KEY POINTS:
INVERCARGILL - Cyclist Jeremy Yates fully expected his overall lead in the Tour of Southland to be threatened during yesterday's third stage.
It came not from his chief rivals but from veteran former champion Gordon McCauley.
Now 36 and no longer a fulltime rider, McCauley shaded Yates and title contenders such as defending champion Hayden Roulston, Heath Blackgrove, Glen Chadwick and Canadian Dominique Rollin on the longest stage of the tour from Invercargill to Gore over 165km.
Cycle Surgery's McCauley had enough in the tank to pip Southland Times Trek's Paul Odlin by 4/1000ths of a second at the finish even after continually egging on a breakaway of 13 riders while Odlin sat at the back and did no work for about 160km.
With 20km to go, Odlin, McCauley and Kia Motors' Australian rider Will Dickeson broke from the bunch to set up a three-way battle for the podium placings.
Odlin surged 100m from the finish line but McCauley got on his wheel to draw level with 50m left.
Both riders went elbow to elbow but McCauley had the strength to bump past a fading Odlin and win by the barest of margins.
McCauley clocked three hours 49 minutes 39 seconds with Odlin at the same time but given second after judges examined video footage of the finish. Dickeson was another 4sec adrift.
With the main bunch containing chief tour contenders such as Yates, Chadwick, Roulston, Colourplus' Heath Blackgrove and Rollin rolling in just over 2-1/2min behind, the top 10 in the general classification were rewritten.
McCauley, who started the day 2min 1sec behind Yates, now leads the tour with an overall time of 6hr 7min 35sec, with teammate Eric Drower second at 13sec and Odlin third at 27sec.
Yates was to start today's fourth stage in sixth at 54sec, with Blackgrove seventh at 1min 17sec, Chadwick ninth at 1min 25sec, Roulston 14th at 1min 39sec and Rollin 19th at 1min 51sec.
McCauley, who won the race in 1996 and 2005, sniffed his opportunity less than 5km from the start, leading a group of nine other riders in a chase to bridge the 40sec gap to Rollin and Ascot Park's Clinton Avery, who jumped from the start.
He then marshalled the breakaway to build a gap of more than 4min over the main bunch at some points.
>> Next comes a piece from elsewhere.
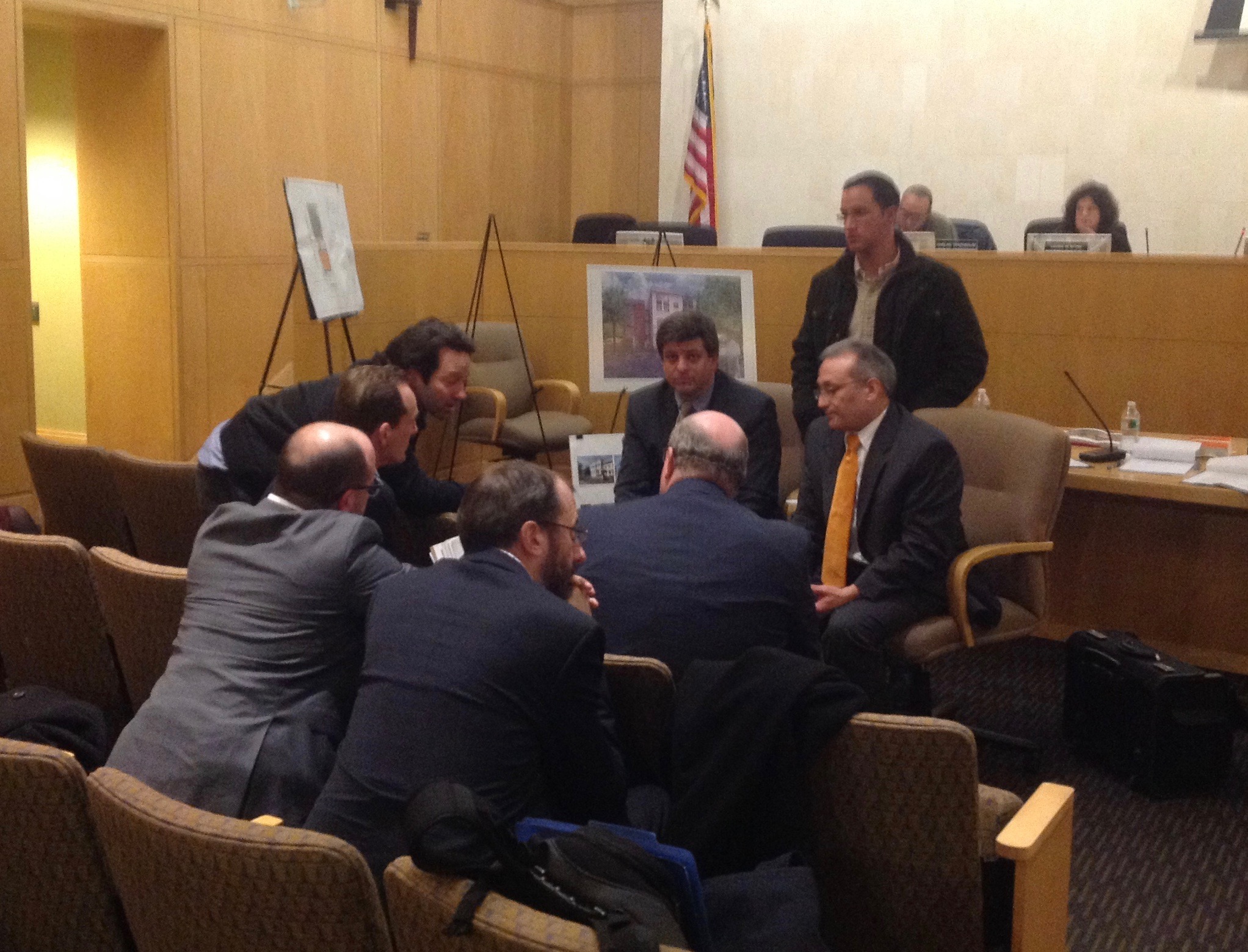 Josh Zinder (facing camera) confers with his team during a break at the Princeton Zoning Board Meeting on Wednesday night (click to expand)

"I don't have climbing legs anymore, I'm getting too old for GC but I came here to win what I could and to get a stage win for the team is awesome," said McCauley, whose family lives in Gore.
Yates said his team had worked hard to cut the gap to the leaders in a bid to keep him in the yellow jersey.
"Unfortunately the group that got away was a big one and there was a little bit of negative racing among the main bunch out there," Yates said.
"Everyone (in GC running) was watching each other. Delmaine and Raboplus participated in the chase (with us) but not everyone had the same idea.
"I guess everyone wants to have fresh legs for the next four days."
With a strong cold front expected overnight and snow predicted to fall down to 200m, today's two stages will test the peloton's endurance to the limit.
Team manager Greg Hume said Subway's plans went awry yesterday when Joe Cooper was unable to rejoin the breakaway after a puncture.
"We had to do the bulk of the chasing today but we are still in contention even if it did not go to plan today."
Today's stage four is 88.4km from Invercargill to Tuatapere followed by stage five from Tuatapere to Winton over 101.7km.